First determine which parts of your model are intended for embedded system deployment.
Isolate that portion into a subsystem or it's own reference model. Let's call that the System Under Design (SUD).
Next determine appropriate discrete time sample rates, then use Model Discretizer to convert the SUD from continuous-time to discrete-time.
A key aspect of fixed-point is not wasting resources covering signal ranges that will never occur.
For this goal, determine the ranges of the key inputs to the SUD.
For example, suppose one of the inputs to the SUD is ambient air temperature. For a device that will operate in rugged outdoor environments, the range is something like -40F to 130F. The fixed-point design only needs to handle this range.
Another key aspect of fixed-point is not wasting resources providing precision levels that are needlessly luxurious.

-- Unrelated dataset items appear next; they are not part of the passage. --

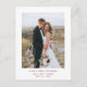 Estas minimalistas y elegantes postales de agradecimiento a tu boda presentan un moderno texto rojo oscuro sobre un fondo blanco, con tu foto personal. Un estilo sencillo y de diseño
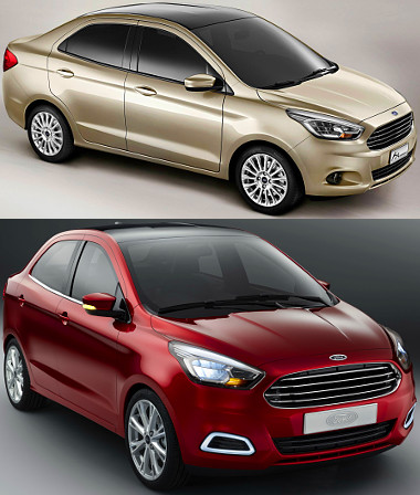 A Figo esetén az adózási szempontból lélektani 4 méter alatt tartották a karosszéria hosszát, ennek megfelelően lett furcsa a befejezés. Már a C oszlop is vékonyabb a Ka Sedan-hoz képest, nem is beszélve a sokkal rövidebb lépcsőről. Érdekes módon nem csak a befejezés tér el a két autón, eltérő kilincseket kap az indiai és a világautó, és a bordó autó külső tükörházában látjuk az oldalsó irányjelzőt, ilyennek nyoma sincs a pezsgőmetál karosszérián.
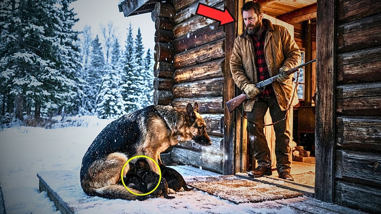 Something soft, weak, and desperate.  Then he heard it, a sound so faint he almost ignored it. A whimper, a cry. Upleved, he lifted his lantern and froze. The world stopped at a retired K9 mother dog lay in the snow. [music] Her breathing shallow, her body trembling uncontrollably. A German Shepherd, skin clinging to bone for matted with ice, breath sharp and shallow, was crawling toward his cabin.
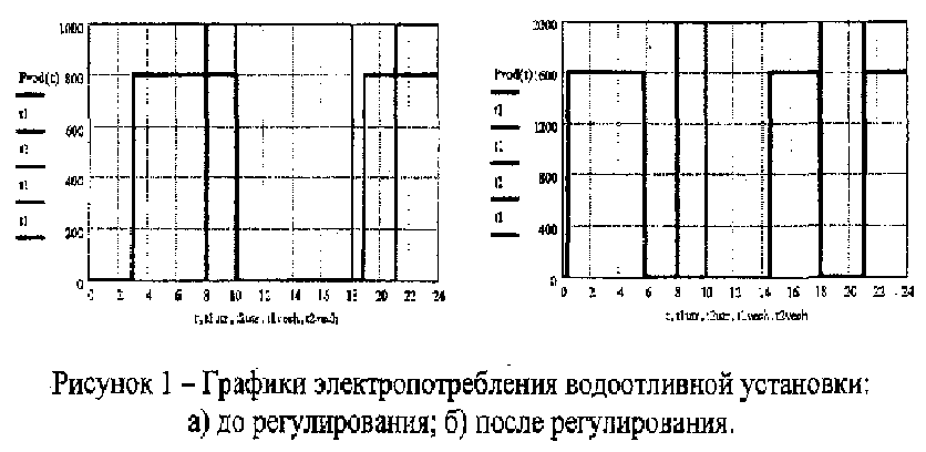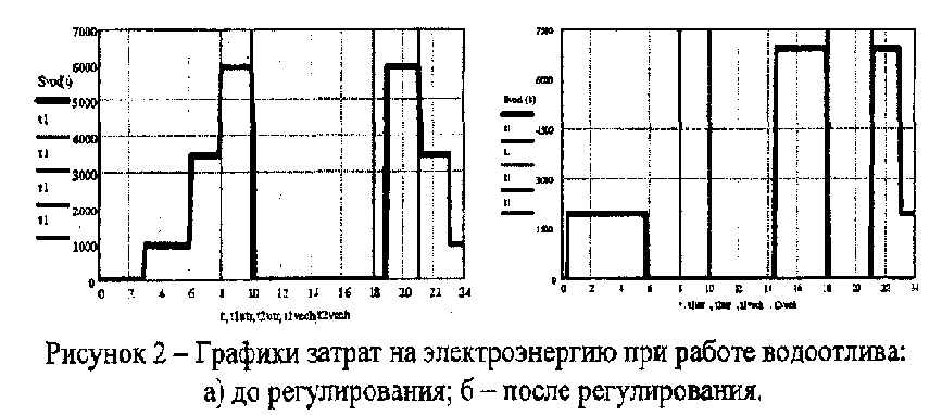 В первом случае (рис. 1, а) откачка воды производится одним насосом, а во втором (рис. 1,6) - двумя, с выключением насосных агрегатов на время вечернего максимума. На графиках вертикальными линиями показаны границы зон с максимальной стоимостью электроэнергии. Расчеты показывают, что при таком регулировании экономия денежных средств составляет порядка 10 тыс. грн. Наиболее современной аппаратурой автоматизации главных водоотливных установок является аппаратура ВАВ.1М [4], одной из функций которой является коррекция рабочего режима насоса с учетом периода максимума энергопотребления или периода максимальной стоимости электроэнергии.
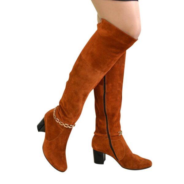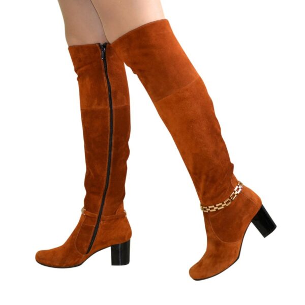 Стильні жіночі ботфорти із натуральної замші рудого кольору, з гумкою у верхній частині чобота, на потовщеній підошві. Декоровані ланцюгом. Обсяг гомілки можна замовити від 35 см до 40 см для будь-якого розміру.
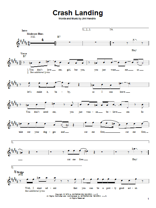 Download or print Jimi Hendrix Crash Landing sheet music, chords and digital score arranged for Guitar Tab. This Pop score includes 11 page(s).
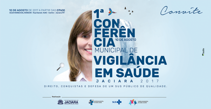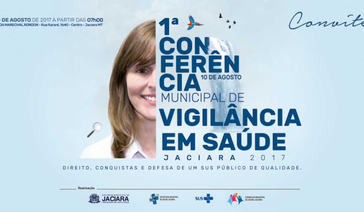 A Prefeitura de Jaciara convida toda população para participar da 1ª Conferência Municipal de Vigilância em Saúde, realizada no dia 10 de agosto, quinta-feira, a partir das 7h, no CEJA (Centro de Educação de Jovens e Adultos) Marechal Rondon.
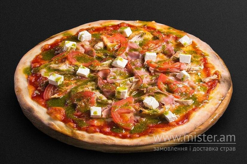 Сир фета, моцарела, куряча грудка, бекон, томати, рукола, соус песто, соус томатний, олія часникова.
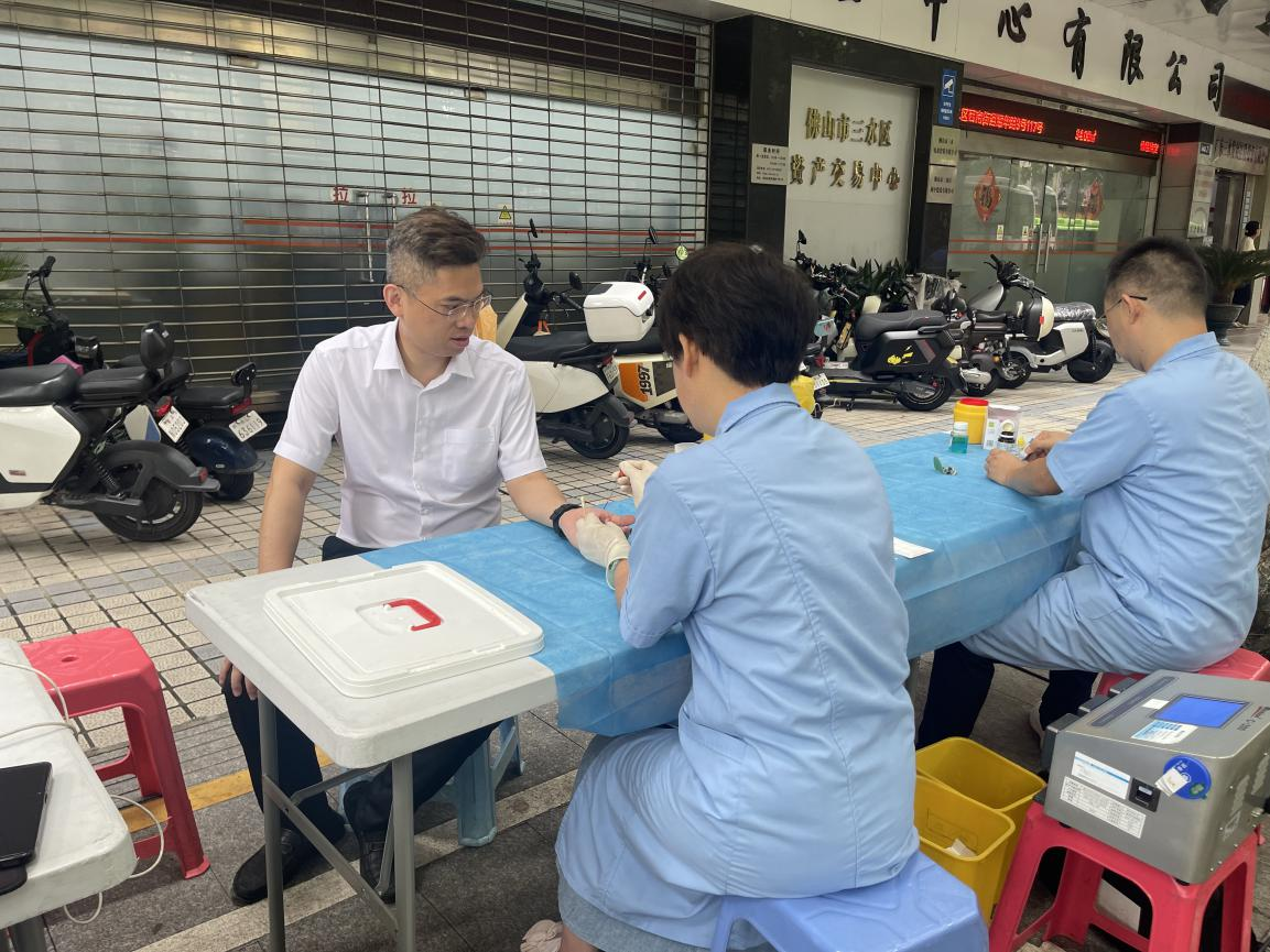 上午8点45分,血站工作人员已来到公司门前开展有关的准备工作。今天的天气清凉舒适,大家的献血热情很高涨,现场气氛十分热烈。在医护人员的引导下,大家填写献血登记表、测量血压、抽血化验,现场有条不紊、秩序井然。

To support the goal of setting wise precision levels, one approach is to have good simulation scenarios to measure the behavioral performance of the system over a rich set of operating points.
Using a unit step response as is done in Control Systems text books is NOT adequate. That approach totally depends on the system being linear. The assumption of linearity does not hold when using fixed-point to minimize resource consumption. As an operating point gets closer to the range or precision limits of a fixed-point design, the behavior will become more non-linear.
By simulating the design over a rich set of operating scenarios the fixed-point design can be properly tuned to the needs of the real world embedded system.